_What you will do_
Your answer must be the line containing "Visit Proof |" and each following line to the end of the listing below, copied exactly, with pictures removed and nothing added.

_Collected material_
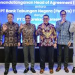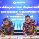 Direktur Utama PT Bank Tabungan Negara (Persero) Tbk, Nixon LP Napitupulu, dan Direktur Utama PT Danareksa (Persero), Yadi Jaya Ruchandi, menunjukkan dokumen Kesepakatan Pendahuluan (Head of Agreement/HoA) usai penandatanganan kerja sama strategis antara BTN dan Holding BUMN Danareksa di Menara 2 BTN, Jakarta, Kamis (18/12/m). Melalui kerja sama tersebut, BTN menyiapkan plafon fasilitas pembiayaan hingga Rp4,5 triliun yang terdiri dari Committed Corporate Line Facility dan Uncommitted Corporate Line Facility, serta menyediakan layanan perbankan terintegrasi untuk mendukung pengelolaan keuangan dan ekspansi bisnis seluruh ekosistem holding Danareksa. Kerja sama ini menjadi bagian dari upaya BTN untuk memperkuat perannya sebagai mitra perbankan utama bagi holding korporasi berskala besar, termasuk melalui pemanfaatan layanan cash management dan solusi perbankan digital melalui Bale Korpora.
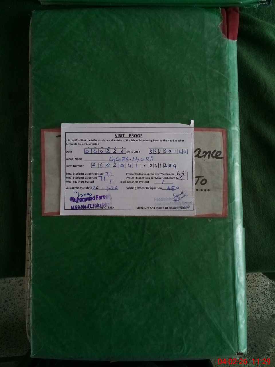 | Attendance Register | Head Teacher | MEA with School | Visit Proof |
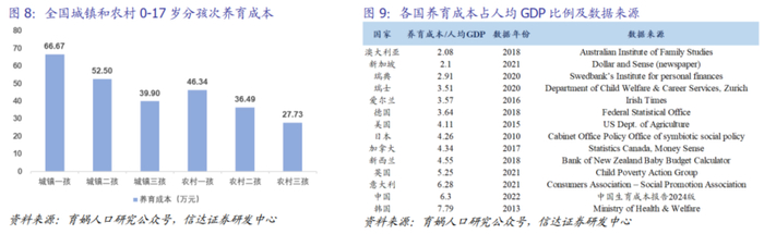 育儿成本关联家庭收入,中国育儿成本领先全球。据《中国生育成本报告2024》,全国0-17岁孩子平均养育成本53.8万元,城镇一孩达66.7万元,农村一孩为46.3万元。中国养育成本占人均GDP比例达6.3倍,远超德国的3.64倍和美国的4.11倍。
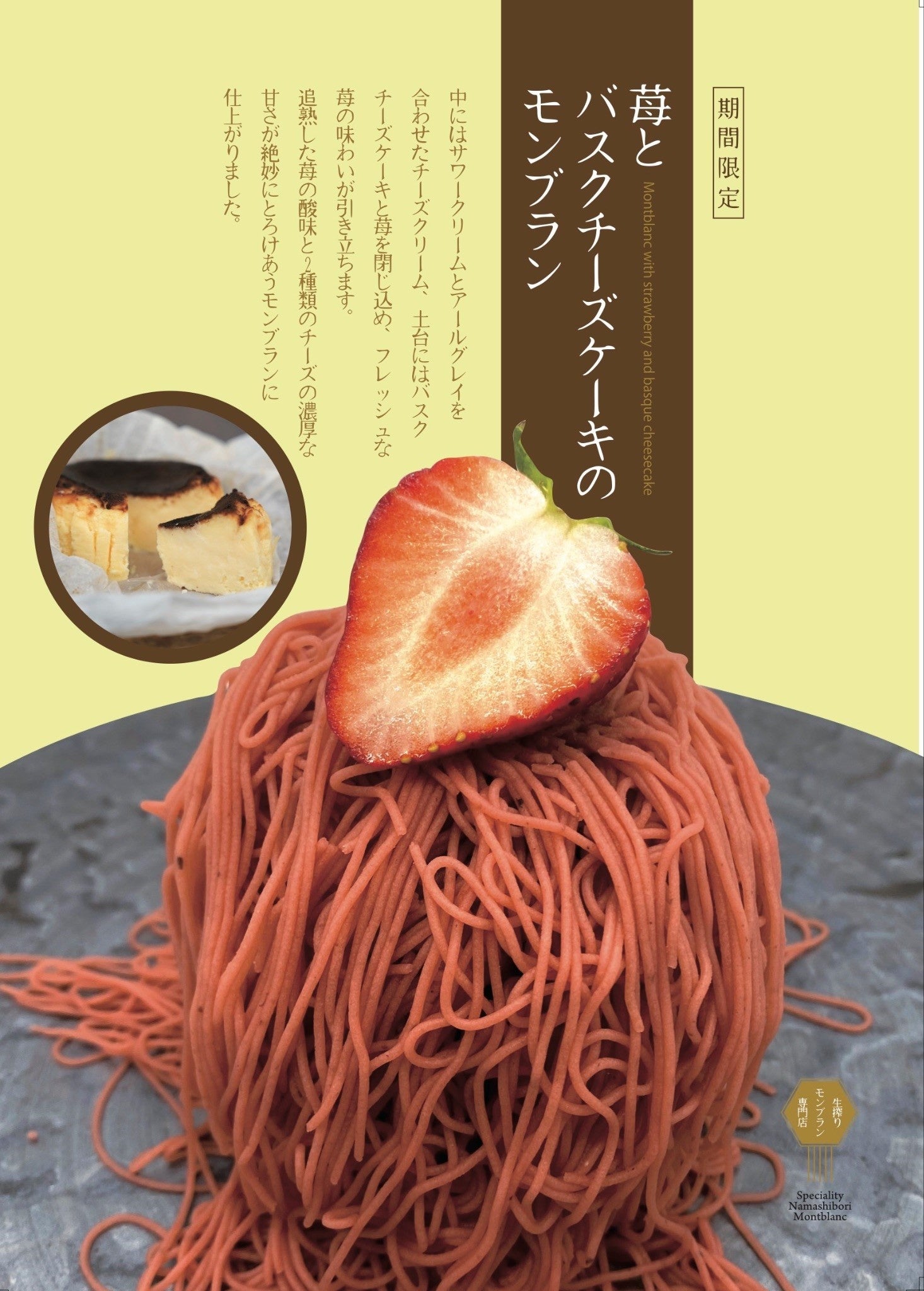 この時季だけ味わえる風味豊かなフレッシュないちごと、酸味が魅力の追熟したいちごピュレを混ぜ込んだ特製モンブランクリーム、そして2種のチーズの濃厚な甘さが絶妙にとろけあい、極上のカルテットを奏でる「苺とバスクチーズケーキのモンブラン」。

_Solution for this problem_
 | Attendance Register | Head Teacher | MEA with School | Visit Proof |
 育儿成本关联家庭收入,中国育儿成本领先全球。据《中国生育成本报告2024》,全国0-17岁孩子平均养育成本53.8万元,城镇一孩达66.7万元,农村一孩为46.3万元。中国养育成本占人均GDP比例达6.3倍,远超德国的3.64倍和美国的4.11倍。
 この時季だけ味わえる風味豊かなフレッシュないちごと、酸味が魅力の追熟したいちごピュレを混ぜ込んだ特製モンブランクリーム、そして2種のチーズの濃厚な甘さが絶妙にとろけあい、極上のカルテットを奏でる「苺とバスクチーズケーキのモンブラン」。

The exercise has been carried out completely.